I want to refer to some of the challenges that I think we all face as the movement for gender equality in our country today. Yesterday Zanele Mbeki referred to a "powerhouse" and I think it was a very significant reflection. The question she raised is that we have women in very powerful places all across our country today. So why is it that women today continue to bear the brunt of poverty, HIV/Aids and violence (as reflected in both the Presidential Report on Poverty and the Stats SA reports)? How do we build sisterhood and solidarity guided by Cabral’s "Tell no lies, claim no easy victories."?

One of the key challenges facing women operating in a party-political system is how to ensure that women do not vote against the majority of poor women by voting with their parties against the laws aimed at changing women’s access to the rights in respect of land, health, labour laws etc.

In our hearings and interaction with ministries and in their recent Budget speeches those ministries that are critical for addressing poverty and violence against women, such as Health, Justice, Safety and Security, Housing, Social Development and Education, almost every single minister said they do not have sufficient funds to be able to do all the things we are asking them to do to break the cycles of poverty and violence women’s lives.

In 1996 at the National Government Conference of Commitments, our Government, through the Beijing Platform for Action commitments, committed itself to reducing military expenditure and re-allocating to women’s empowerment in recognition of the fact that women form the majority of the poorest.
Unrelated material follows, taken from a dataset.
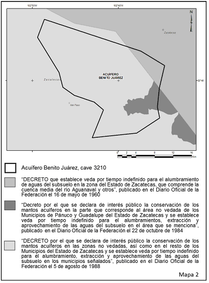 c) "DECRETO por el que se declara de interés público la conservación de los mantos acuíferos en las zonas no vedadas, así como en el resto de los Municipios del Estado de Zacatecas y se establece veda por tiempo indefinido para el alumbramiento, extracción y aprovechamiento de las aguas del subsuelo en los municipios señalados", publicado en el Diario Oficial de la Federación el 5 de agosto de 1988, cuyas disposiciones aplican en la mayor parte de la extensión del acuífero Benito Juárez, clave 3210;

In Government’s Conference of Commitments to the BPFA in 1996 the chairperson of the committee asked the following question, and I quote: " We must ask departments to put their money where their mouths are, to take away spending in defense on corvettes which cost R434 million each, submarines which cost R1,1 billion each and generals who cost R464 638,00 each per year."

In the Budget debate on Defence and Intelligence in 1995 Joe Nhlanhla, Minister of Intelligence was quoted as saying, and I quote: "The greatest future threats to the South African people are poverty, unemployment, homelessness and inadequate health services. There is no forseeable external military threat as far as South Africa is concerned. A realistic threat analysis may thus allow a democratic State to reallocate resources from the security establishment to socio-economic development." ANC policy, as reflected in the White Paper and the Defence Review reiterated this understanding.
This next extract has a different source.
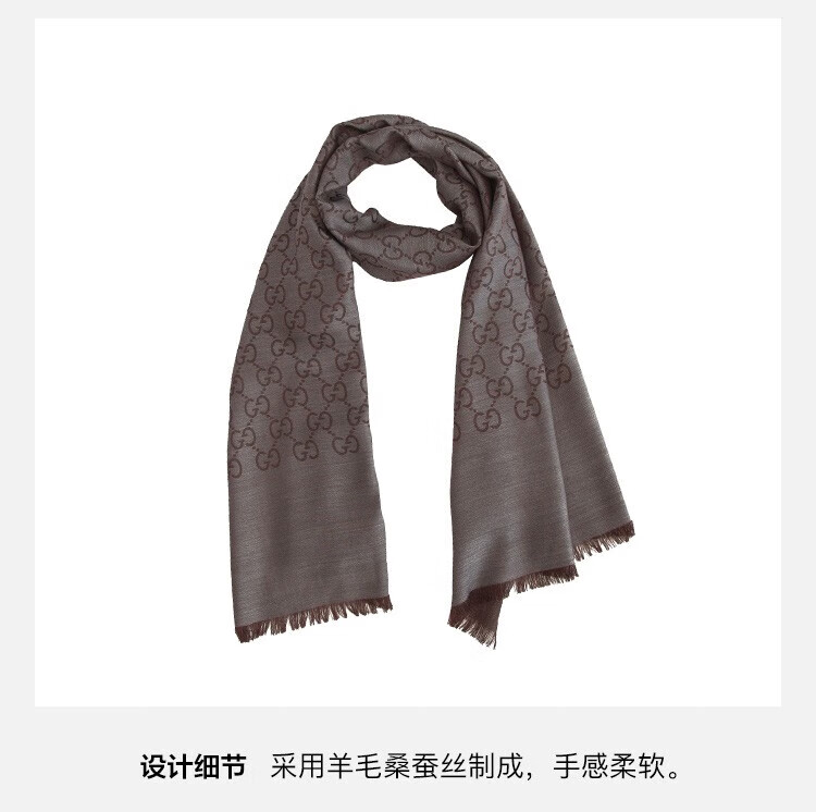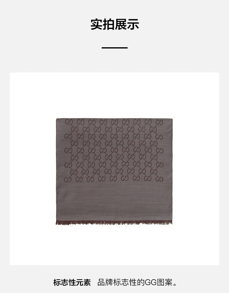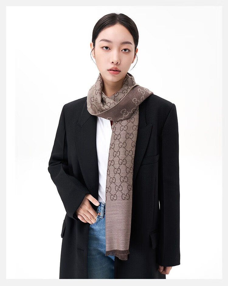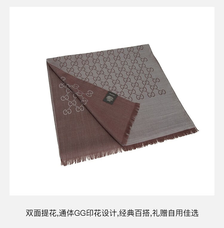 古驰(GUCCI)男女同款双G双面提花羊毛流苏围巾 浅棕色 165904 3G646 9664

The committee’s Cedaw report of 1998 says, and I quote: "In relation to the Budget one of the key Government commitments in the Beijing Platform for Action in 1996 was to decrease and reallocate military spending to support women’s economic advancement. If this commitment had been given effect, the resources to address poverty, HIV/Aids and Violence would be able to make a major impact to save many lives. At present, South Africa is finalising agreement of R30 billion in relation to Defence when the Defence White Paper itself notes that the major threats crippling our nation’s nascent democracy are poverty and crime and not an outside threat to the Republic. This is just one glaring example of the reprioritisation that needs to happen within and across departments."

What is the implication of the estimated R50 billion for South Africa’s debt and the Budget deficit that was quoted in argument against the increased social spending that was needed for real reconstruction and development after apartheid?

The question I want to leave all of us with is: What is the role of an independent movement for gender equality, an independent women’s movement supported by men who are committed to ending the poverty and violence that face the majority of people in our country in influencing the choices that we make? How do we assert the powerhouse that Zanele referred to to ensure that our money is used to end poverty, violence and HIV/Aids. We work in a world where power is the power of patriarchal fear and hate and the power that we must work with today and tomorrow and the days to come is the power of love from within our hearts. That will give us the collective power of love and courage to transform our society. I thank you.